Life, God, Language and an Amazonian tribe

About two years ago, New Yorker had a fascinating article about a linguist, Daniel Everett, who went to an Amazonian tribe, with his wife and daughter, to convert them to Christianity. Its a long article, but if you have time, please read it - it is very well written. The article also presents Everett's struggles with his own beliefs (he ends up as an atheist) and how different facets of his life shapes his views. Now Everett has a book out, Don't Sleep, There are Snakes: Life and Language in the Amazonian Jungle, detailing his experiences with the tribe and his linguistic discoveries. Here are portions from a review in Science (subscription required):
Contemplate your life as it is now, the things you hold most dear to you, family, and the beliefs and values you have adopted and hold true. What would your life become if you were to lose them all? Who might you be?
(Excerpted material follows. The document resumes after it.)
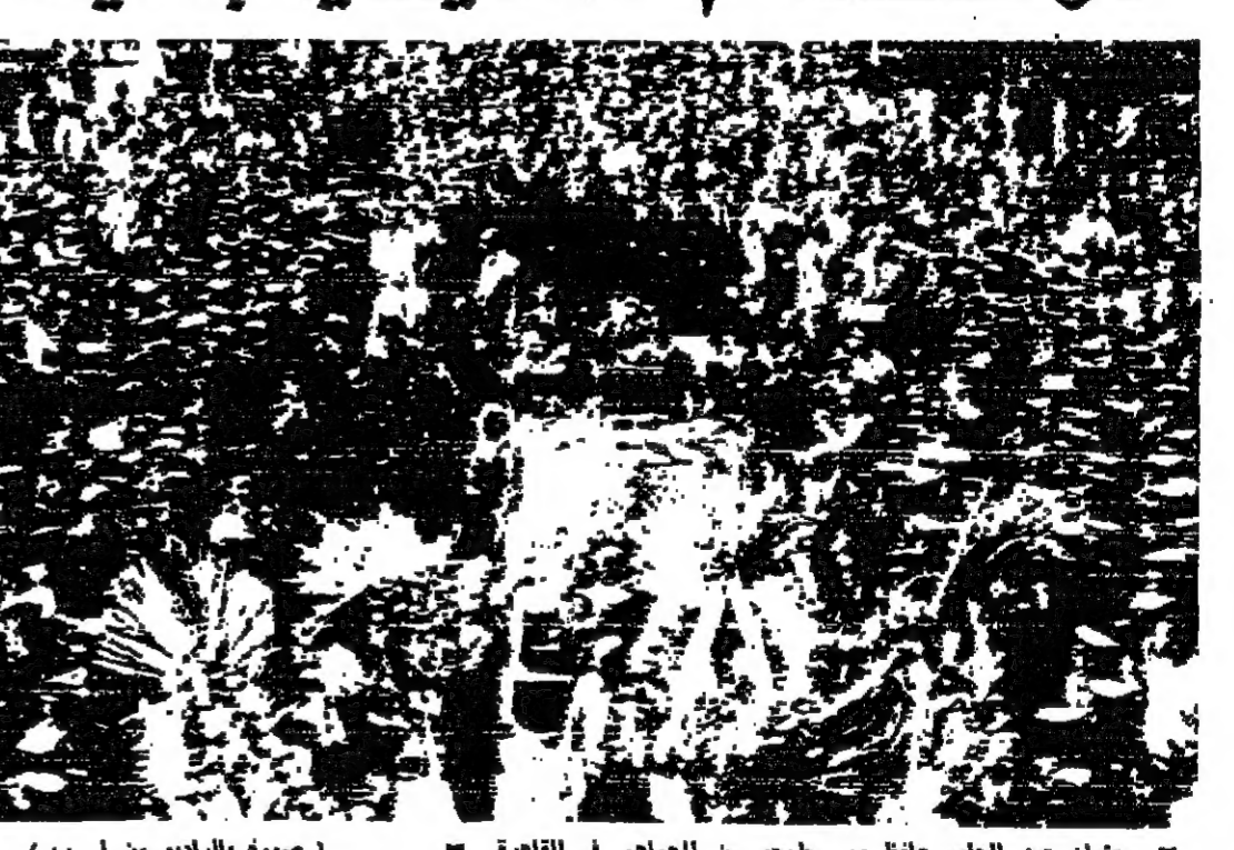
جثمان عبد الحليم حافظ وسط طير من الجماهير في القاهرة.

These are questions that Dan Everett faced in the course of his fieldwork among the Pirahã people of the Amazonian jungle. Don't Sleep, There Are Snakes offers Everett's personal account of the language and life of the tribe and, at the same time, a close-up of his life and experiences in making sense of this new world.
As a trained linguist and devoted Christian, Everett (now in the Department of Languages, Literatures, and Cultures at Illinois State University) set out with his wife and three children to bring the word of God to the Pirahãs. Aiming to succeed where other missionaries had failed, he tried to master the famously difficult Pirahã language (for which the tribe is notorious in linguistics circles) and to break their recalcitrant rigidity toward alien faiths. In a twist of fate, Everett lost all: God, wife, and even linguistic ideology. The Pirahãs left him stripped of these but, in return, provided their own take on life.
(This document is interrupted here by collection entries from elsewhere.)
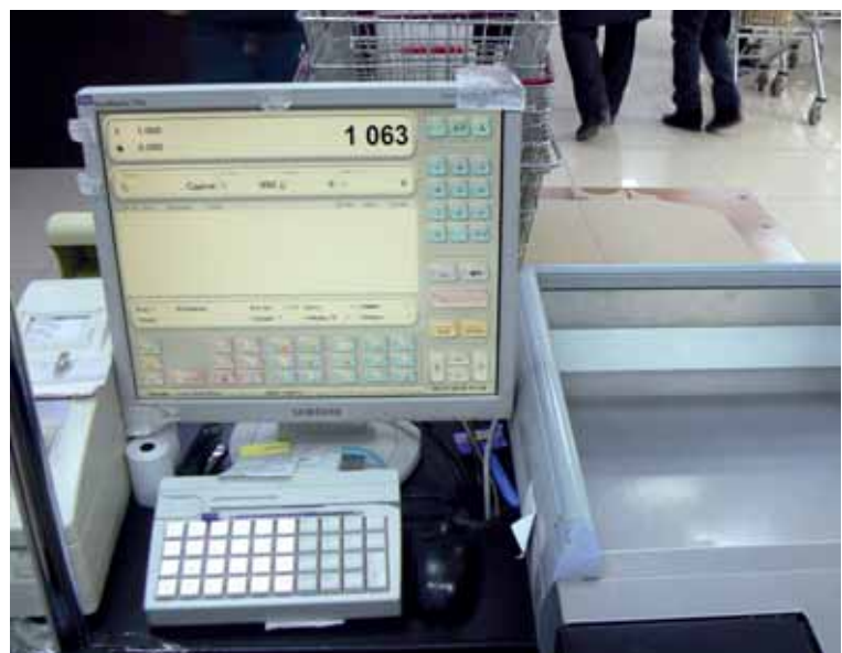
Такие аппараты упрощают работу кассиров. Но есть и минусы. Онлайн-кассы работают лишь через сим-карты, и если возникает проблема с Интернетом, то аппарат не работает.

Обещание в обязательном порядке придавать такие факты огласке должно было порадовать премьер-министра, поскольку в мае этого года он сам предлагал национальной палате предпринимателей «Атамекен» в качестве наказания вывешивать на входных дверях торговых точек, где были обнаружены некачественные продукты, значок «Не доверяю». Так что министр услышал и готов реализовать его идею, пусть и не в столь радикальной форме, в какой она предлагалась. Осталось дождаться ответа на вопрос, услышали ли его спич относительно мониторинга цен в акиматах.
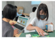
模様やパーツ並べ ルームランタン作り
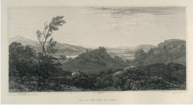
Εικόνα 5 : Τοπίο της κοιλάδας της Ολυμπίας (Stanhope 1824-βλ. Χατζή-Σπηλιοπούλου 2012, 80)

ήταν εικοσιτέσσερα κομμάτια μετοπών, τα οποία μεταφέρθηκαν στη Γαλλία και εκτέθηκαν στο Μουσείο του Λούβρου. 58 Οι συστηματικές ανασκαφικές επιχειρήσεις που άρχισαν το 1875 από το –τότε Αυτοκρατορικό– Γερμανικό Αρχαιολογικό Ινστιτούτο 59 ήταν πρότυπες για την εποχή. Έφεραν έναν αέρα αλλαγής στην αρχαιολογία, καθώς οι ανασκαφείς παραιτήθηκαν από την εκμετάλλευση των αρχαιοτήτων και δέχθηκαν την έκθεση των ευρημάτων σε Μουσείο που ανεγέρθηκε πολύ κοντά στο Ιερό. 60 Η Ολυμπία ανέκτησε τη θέση της στη συνείδηση του πνευματικού κόσμου, ειδικά του αρχαιολογικού κοινού. Επιπλέον, πολυάριθμες εκθέσεις από τότε μέχρι σήμερα, ως την έκθεση που εγκαινιάστηκε στις 30 Αυγούστου 2012 στο Βερολίνο με τίτλο «Ολυμπία: Μύθος, Λατρεία και Αγώνες», 61
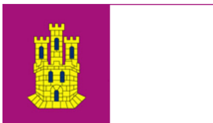
Bandera de Castilla-La Mancha.

La Bandera , dividida en dos partes iguales, una de color rojo carmesí con un castillo de tres torres tomado del pendón de Castilla y la otra blanca.
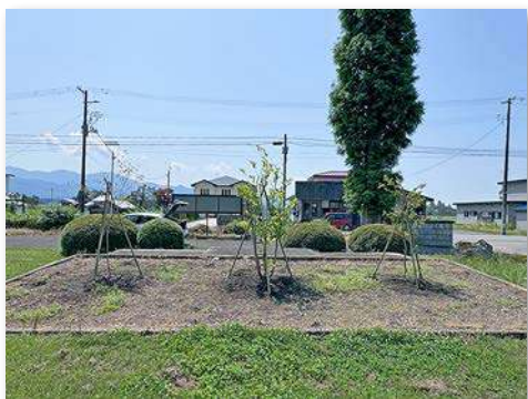
ナツツバキ、イロハモミジ、サルスベリを記念植樹
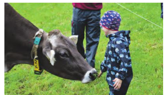
In Zukunft soll sich der Nachwuchs um die Tiere kümmern.

IN KOOPERATION MIT AMA-MARKETING, WERBUNG
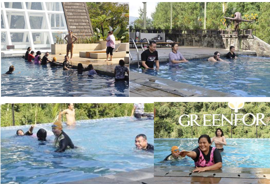
Gambar 12. Lomba Estafet Berenang dan ambil kelereng di air.

Dilakukan sebagai penyegaran setelah kegiatan Lomba-lomba 17-an. Kegiatan ini dilakukan dengan tujuan lebih mempererat teamworking dan sportivitas. Kegiatan berupa Lomba Berenang estafet dan Ambil kelereng di dasar kolam.

No no - the story does not really go in the direction of any serious romantic notions of life in the tribe. Rather, it bring up the fact that the Pirahãs lack temporal organization - and pretty much live in the present (according to Everett, they also have "no numbers, no fixed color terms, no perfect tense, no deep memory, no tradition of art or drawing, and no words for “all,” “each,” “every,” “most,” or “few”—terms of quantification believed by some linguists to be among the common building blocks of human cognition"):
They taught him about the "immediacy of experience"--the principle he locates at the heart of the Pirahã language and culture. According to Everett, living and speaking for the moment allows the tribe's members to enjoy each day as it comes, to avoid stress and the burnouts that result from worrying about the future, and to disregard the regret and guilt of the past.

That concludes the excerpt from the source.